Colonization Characteristics of Poplar Fungal Disease Biocontrol Bacteria N6-34 and the Inhibitory Effect on Pathogenic Fungi by Real-Time Fluorescence Quantitative PCR Detection.

机构信息

School of Life Sciences, Shandong First Medical University & Shandong Academy of Medical Sciences, Taian, China.

出版信息

Curr Microbiol. 2021 Aug;78(8):2916-2925. doi: 10.1007/s00284-021-02529-2. Epub 2021 May 28.
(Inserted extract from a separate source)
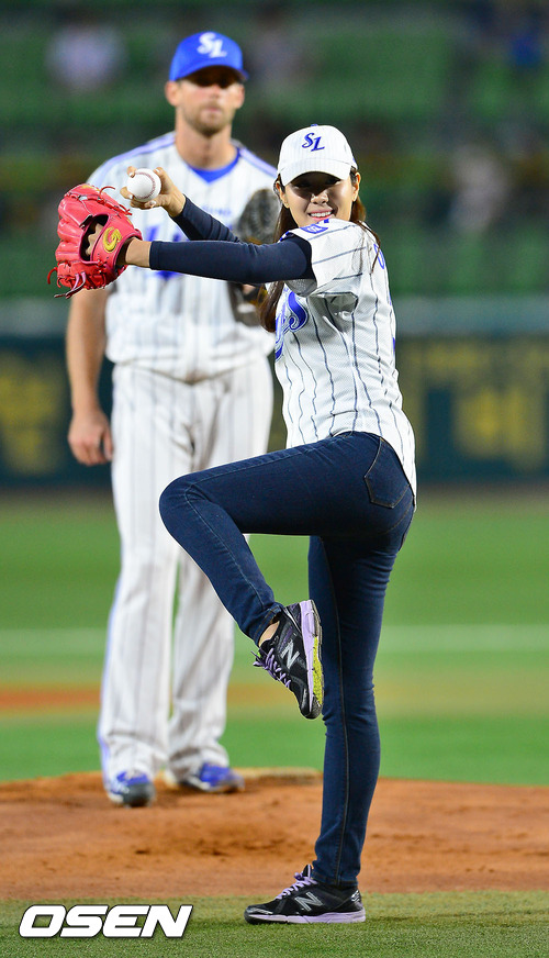 25일 오후 대구구장에서 열린 '2012 팔도 프로야구' 삼성 라이온즈와 KIA 타이거즈의 경기 전 2012 미스코리아 미 김나연이 시구를 하고 있다.

DOI:10.1007/s00284-021-02529-2
PMID:34047833
Abstract

Botryosphaeria dothidea is one of the most important diseases which can cause poplar canker. In our previous study, the endophytic Bacillus subtilis N6-34 screened from poplar tissue was found to be an antagonistic strain against B. dothidea. In order to ascertain the colonization rule of B. subtilis N6-34 in poplar plants, colonization of B. subtilis N6-34 labeled with a green fluorescent protein (GFP) was investigated in poplar plants and the rhizosphere soil. To confirm the inhibitory effect of the strain N6-34 on pathogenic fungi, real-time fluorescent quantitative PCR experiment with Fusarium oxysporum as the target strain was carried out. Firstly, a plasmid (pHT01-P43GFPmut3a) containing gfp gene was successfully transformed into wild B. subtilis N6-34, which has the similar characteristics with the strain N6-34 in cell growth and antifungal activity. The poplar pot experiments were carried out to examine the colonization rules and colonization quantity in poplar plants and rhizosphere soil. Observation with a confocal laser scanning microscope showed that GFP-labeled B. subtilis N6-34 (N6-34-GFP) could colonize in primary root, lateral root and adventitious root. With the extension of inoculation time, the colonization quantity of N6-34-GFP in the rhizosphere soil and poplar plants showed a trend of first increasing, then stabilizing for a period of time and then decreasing. The real-time fluorescent quantitative PCR result showed a gradual decrease in the number of F. oxysporum with increasing inoculation time. Therefore, N6-34-GFP exhibited colonization in the rhizosphere soil and different parts of poplar plants. In addition, the strain N6-34 could inhibit the growth of pathogenic fungi. The ability of B. subtilis N6-34 to colonize in the rhizosphere soil and poplar plants and to inhibit fungal growth in vitro suggest a potential application of this strain as a biological control agent.

摘要

层出镰刀菌是引起杨树溃疡病的最重要的病害之一。在我们之前的研究中,从杨树组织中筛选出的内生枯草芽孢杆菌 N6-34 被发现是一种拮抗层出镰刀菌的菌株。为了确定枯草芽孢杆菌 N6-34 在杨树植物中的定殖规律,研究了用绿色荧光蛋白(GFP)标记的枯草芽孢杆菌 N6-34 在杨树植物和根际土壤中的定殖情况。为了确认该菌株 N6-34 对病原菌的抑制作用,以尖孢镰刀菌为靶标菌株进行了实时荧光定量 PCR 实验。首先,成功地将含有 gfp 基因的质粒(pHT01-P43GFPmut3a)转化到野生枯草芽孢杆菌 N6-34 中,该质粒与菌株 N6-34 在细胞生长和抗真菌活性方面具有相似的特性。通过杨树盆栽实验,研究了枯草芽孢杆菌 N6-34 在杨树植物和根际土壤中的定殖规律和定殖数量。共聚焦激光扫描显微镜观察表明,GFP 标记的枯草芽孢杆菌 N6-34(N6-34-GFP)可以定殖在初生根、侧根和不定根中。随着接种时间的延长,N6-34-GFP 在根际土壤和杨树植物中的定殖数量呈现出先增加、然后稳定一段时间、然后减少的趋势。实时荧光定量 PCR 结果表明,随着接种时间的增加,尖孢镰刀菌的数量逐渐减少。因此,N6-34-GFP 在根际土壤和不同部位的杨树植物中均有定殖。此外,该菌株 N6-34 可以抑制病原菌的生长。枯草芽孢杆菌 N6-34 在根际土壤和杨树植物中的定殖能力以及体外抑制真菌生长的能力表明,该菌株作为生物防治剂具有潜在的应用价值。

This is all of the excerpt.